TASK OBJECTIVE: Would you give the listing again exactly, without its images?

· · ·

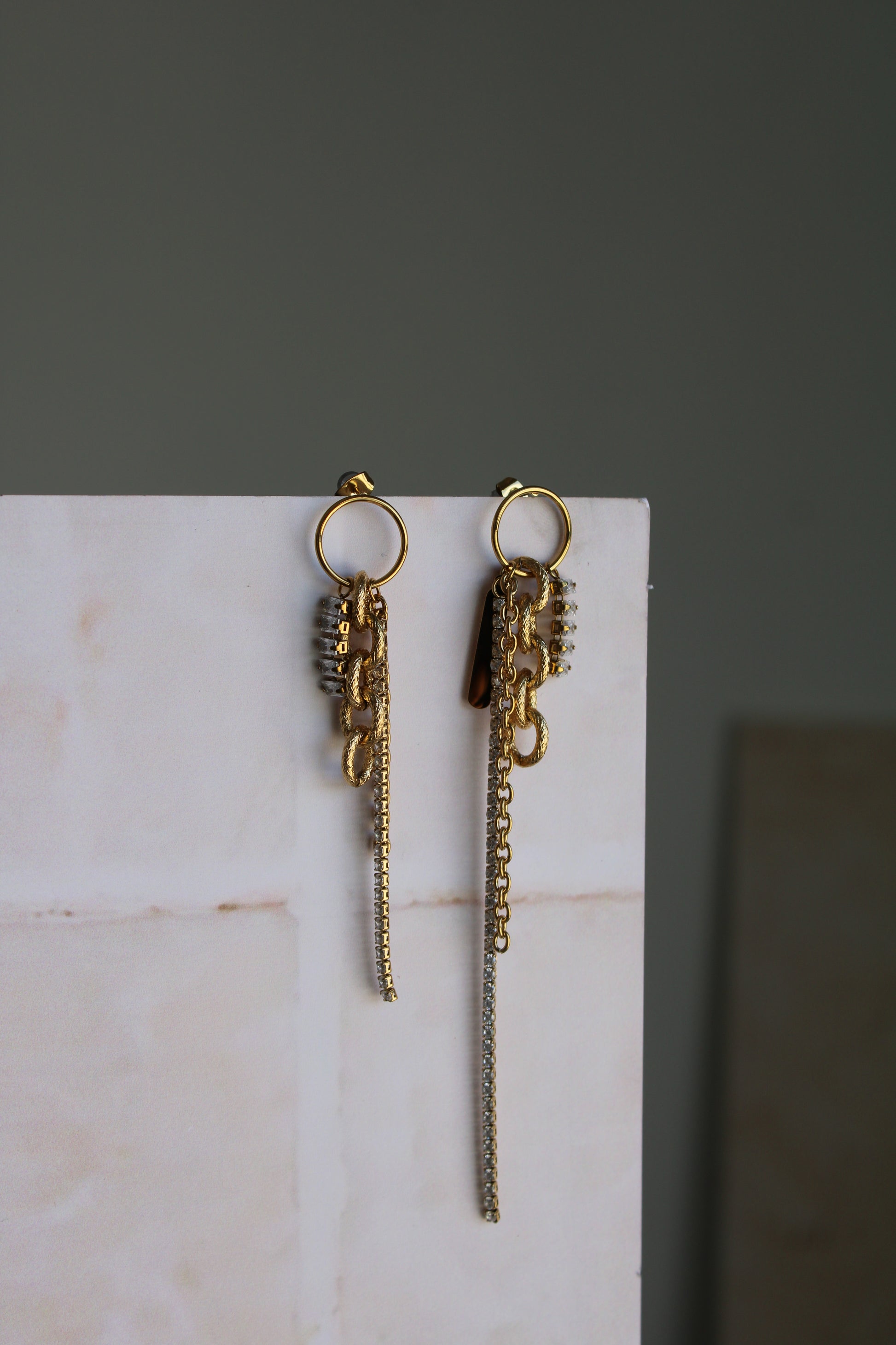 Pendientes con diseño de desigual con aro con cadenas y brillos.
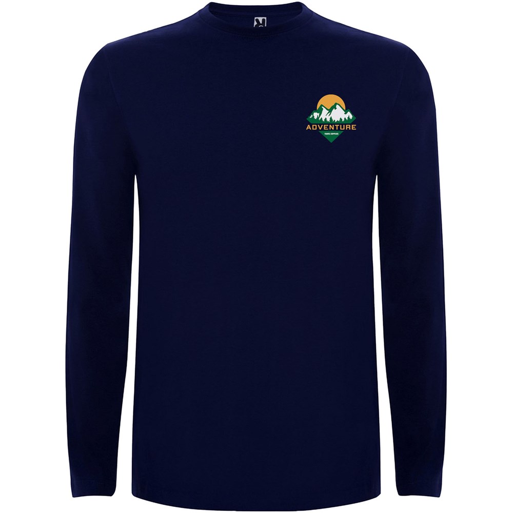 Langärmeliges Shirt aus Schlauchgewebe mit Rundhalsausschnitt aus 4 Schichten. Verstärkte Nähte an Kragen und Schultern. Keine Ärmelbündchen. Herausnehmbares Etikett. Schlauchdesign in Erwachsenengrößen und Seitennähte in Kindergrößen. Das Modell ist 185 cm groß und trägt Größe L.
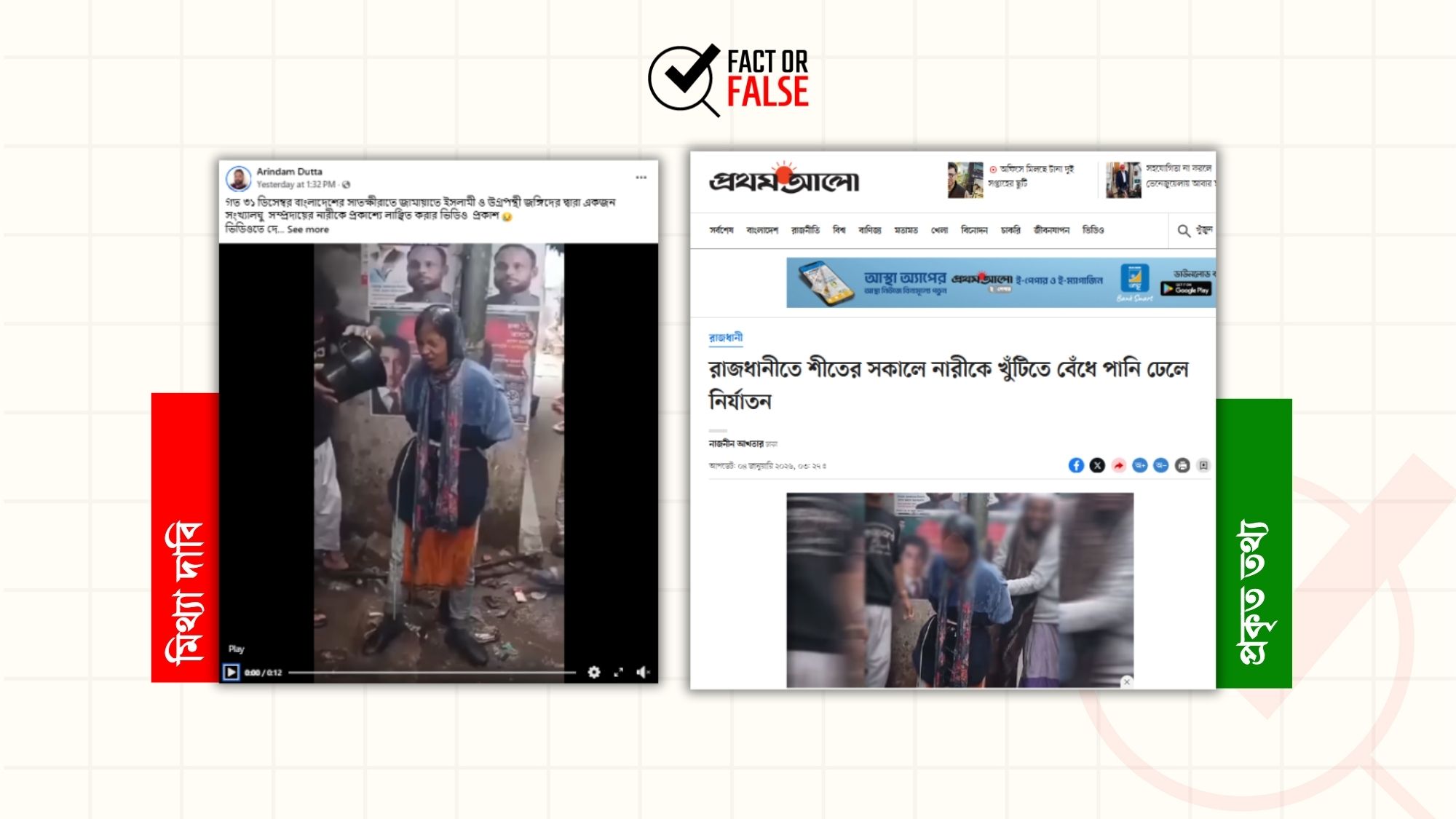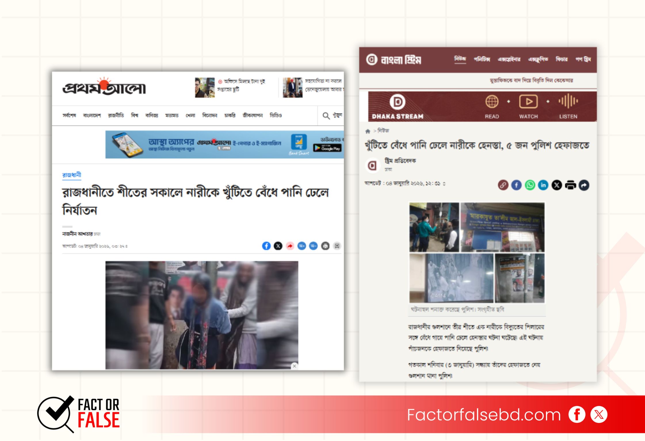 যাচাইয়ের শুরুতে প্রাসঙ্গিক কিওয়ার্ড সার্চ করে এ বিষয়ে দৈনিক প্রথম আলোতে ৪ জানুয়ারি “রাজধানীতে শীতের সকালে নারীকে খুঁটিতে বেঁধে পানি ঢেলে নির্যাতন” শিরোনামে প্রকাশিত একটি প্রতিবেদন খুঁজে পাওয়া যায়।
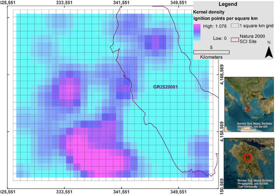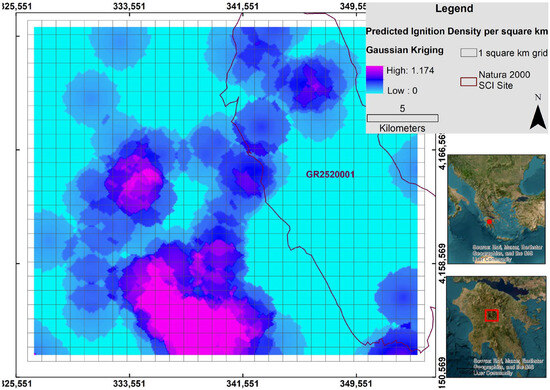 In general, during the fire season, lightning activity is positively related to elevation, slope, and woodland areas [42] in continental mountainous regions. Although fuel conditions, weather, climate, and topography significantly influence lightning-caused wildfires, the sensitivity of these wildfires to such factors must be well understood for different geographical locations [36]. Lightning-caused ignitions in complex terrain tend to be random, rapidly changing, and relatively independent. Therefore, although most lightning-caused wildfires have been recorded in the southern part of Mount Mainalo (Figure 10), destructive events may also occur in the northern or other areas of the mountain, as lightning ignitions are random and relatively spatially independent. To visualize the spatial density of ignitions across the landscape, we applied Ordinary Kriging with a Gaussian semivariogram model.
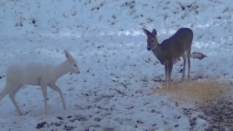 O căprioară complet albă și-a făcut apariția recent la unul din punctele de hrănire monitorizate, din Parcului Natural Bucegi. Apariția este surprinzătoare chiar și pentru reprezentanții Romsilva care spun că o căprioară albă este extrem de rară în fauna din România.
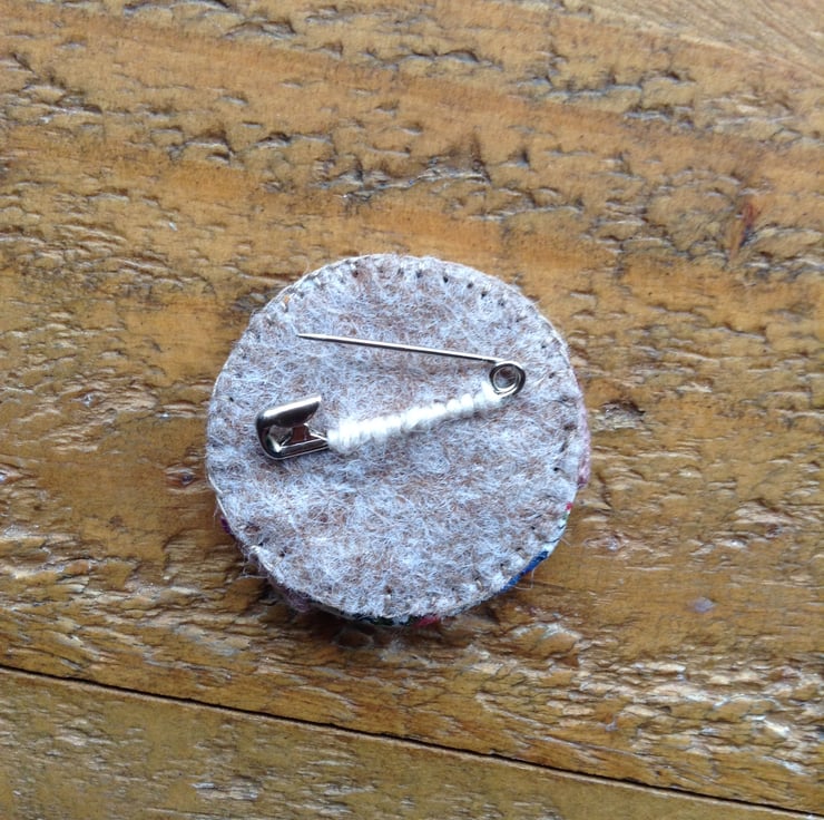 Attached to clothing with a safety pin. Measures approximately 3cm diameter.
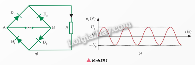 Một bạn học sinh dự định lắp một mạch điện chỉnh lưu cả chu kì sử dụng cầu chỉnh lưu, nhưng do sơ suất nên mắc nhầm cực của diode Đ3 (Hình 3P.1a). Đặt vào hai đầu A, B một điện áp xoay chiều có dạng như Hình 3P.1b. Hỏi ở đầu ra trên điện trở R có tạo được điện áp chỉnh lưu cả chu kì như Hình 3.11b không? Hãy vẽ hình dạng đồ thị điện áp ra trên điện trở R khi đó.
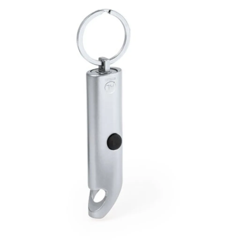 Keyring made from recycled aluminium, bottle opener, 3 LED, compliant with GRS (Global Recycled Standard) certificate.
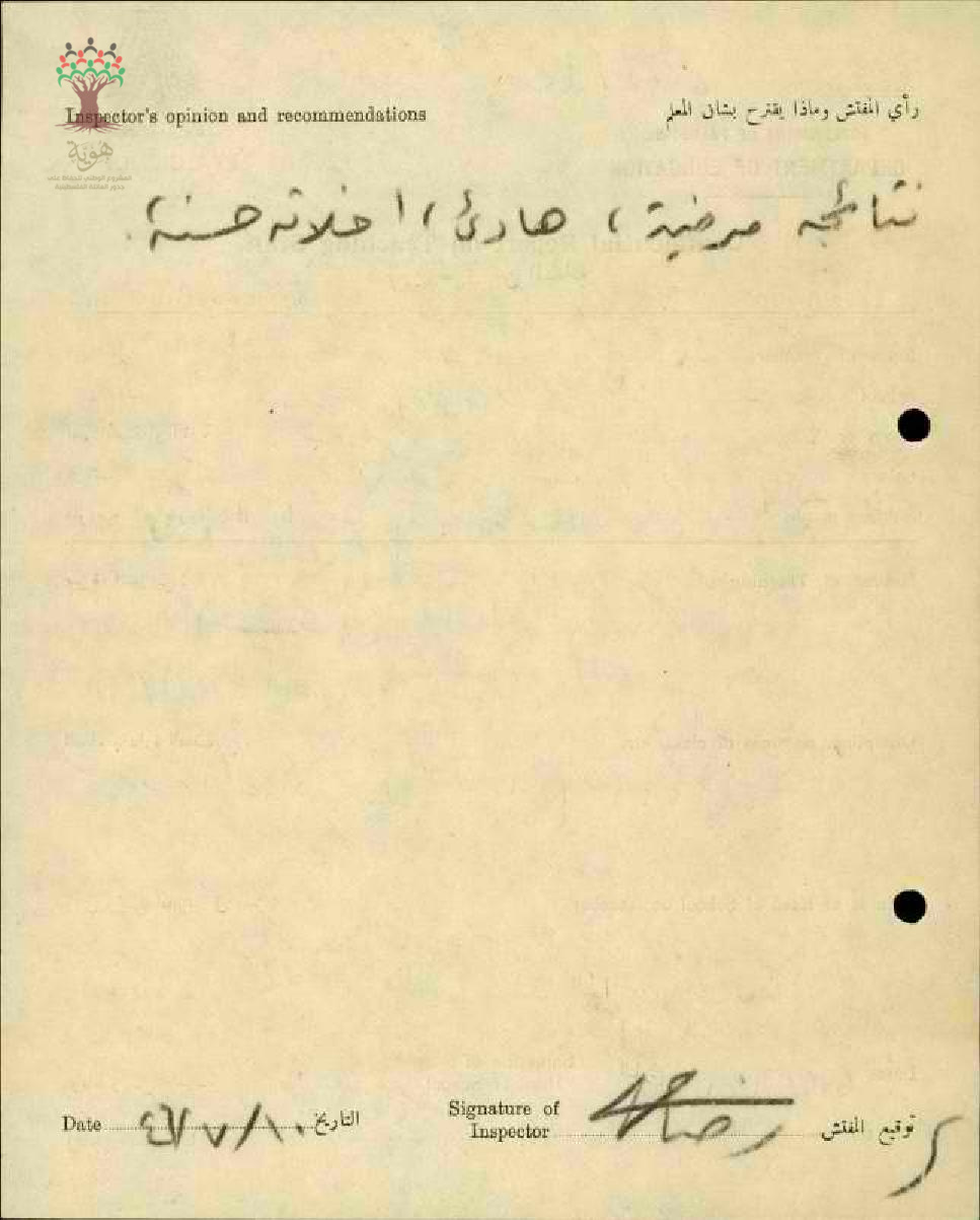 راي المفتش بلا معلم عبد الكريم محمد الشريف _نتائجة مرضية هادئ اخلاقه حسنة
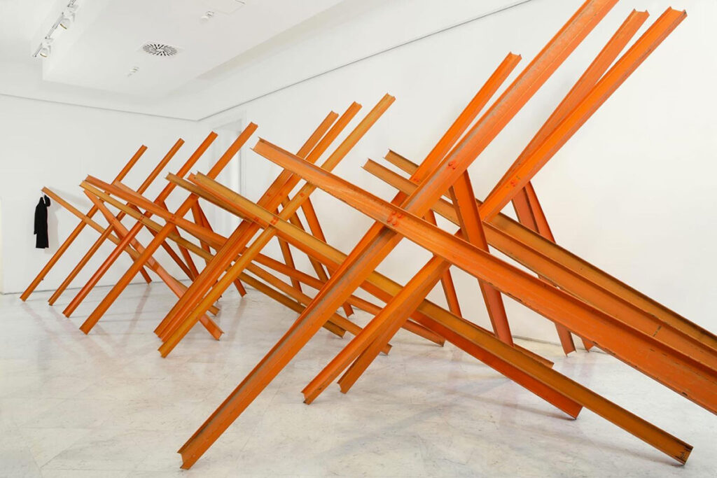 Cardi Gallery presents the group exhibition Monumental, featuring a selection of impactful works that highlight the use of poor materials and essential gestures. The exhibition spans two floors: the ground floor showcases a large-scale sculpture by Jannis Kounellis, along with canvases by Alighiero Boetti, Mario Merz, and Giuseppe Penone. The first floor is entirely dedicated to a multi-panel installation by Luciano Fabro, a founding figure of Arte Povera.

· · ·

SOLUTION FOR THIS EXERCISE:
 Pendientes con diseño de desigual con aro con cadenas y brillos.
 Langärmeliges Shirt aus Schlauchgewebe mit Rundhalsausschnitt aus 4 Schichten. Verstärkte Nähte an Kragen und Schultern. Keine Ärmelbündchen. Herausnehmbares Etikett. Schlauchdesign in Erwachsenengrößen und Seitennähte in Kindergrößen. Das Modell ist 185 cm groß und trägt Größe L.
 যাচাইয়ের শুরুতে প্রাসঙ্গিক কিওয়ার্ড সার্চ করে এ বিষয়ে দৈনিক প্রথম আলোতে ৪ জানুয়ারি “রাজধানীতে শীতের সকালে নারীকে খুঁটিতে বেঁধে পানি ঢেলে নির্যাতন” শিরোনামে প্রকাশিত একটি প্রতিবেদন খুঁজে পাওয়া যায়।
 In general, during the fire season, lightning activity is positively related to elevation, slope, and woodland areas [42] in continental mountainous regions. Although fuel conditions, weather, climate, and topography significantly influence lightning-caused wildfires, the sensitivity of these wildfires to such factors must be well understood for different geographical locations [36]. Lightning-caused ignitions in complex terrain tend to be random, rapidly changing, and relatively independent. Therefore, although most lightning-caused wildfires have been recorded in the southern part of Mount Mainalo (Figure 10), destructive events may also occur in the northern or other areas of the mountain, as lightning ignitions are random and relatively spatially independent. To visualize the spatial density of ignitions across the landscape, we applied Ordinary Kriging with a Gaussian semivariogram model.
 O căprioară complet albă și-a făcut apariția recent la unul din punctele de hrănire monitorizate, din Parcului Natural Bucegi. Apariția este surprinzătoare chiar și pentru reprezentanții Romsilva care spun că o căprioară albă este extrem de rară în fauna din România.
 Attached to clothing with a safety pin. Measures approximately 3cm diameter.
 Một bạn học sinh dự định lắp một mạch điện chỉnh lưu cả chu kì sử dụng cầu chỉnh lưu, nhưng do sơ suất nên mắc nhầm cực của diode Đ3 (Hình 3P.1a). Đặt vào hai đầu A, B một điện áp xoay chiều có dạng như Hình 3P.1b. Hỏi ở đầu ra trên điện trở R có tạo được điện áp chỉnh lưu cả chu kì như Hình 3.11b không? Hãy vẽ hình dạng đồ thị điện áp ra trên điện trở R khi đó.
 Keyring made from recycled aluminium, bottle opener, 3 LED, compliant with GRS (Global Recycled Standard) certificate.
 راي المفتش بلا معلم عبد الكريم محمد الشريف _نتائجة مرضية هادئ اخلاقه حسنة
 Cardi Gallery presents the group exhibition Monumental, featuring a selection of impactful works that highlight the use of poor materials and essential gestures. The exhibition spans two floors: the ground floor showcases a large-scale sculpture by Jannis Kounellis, along with canvases by Alighiero Boetti, Mario Merz, and Giuseppe Penone. The first floor is entirely dedicated to a multi-panel installation by Luciano Fabro, a founding figure of Arte Povera.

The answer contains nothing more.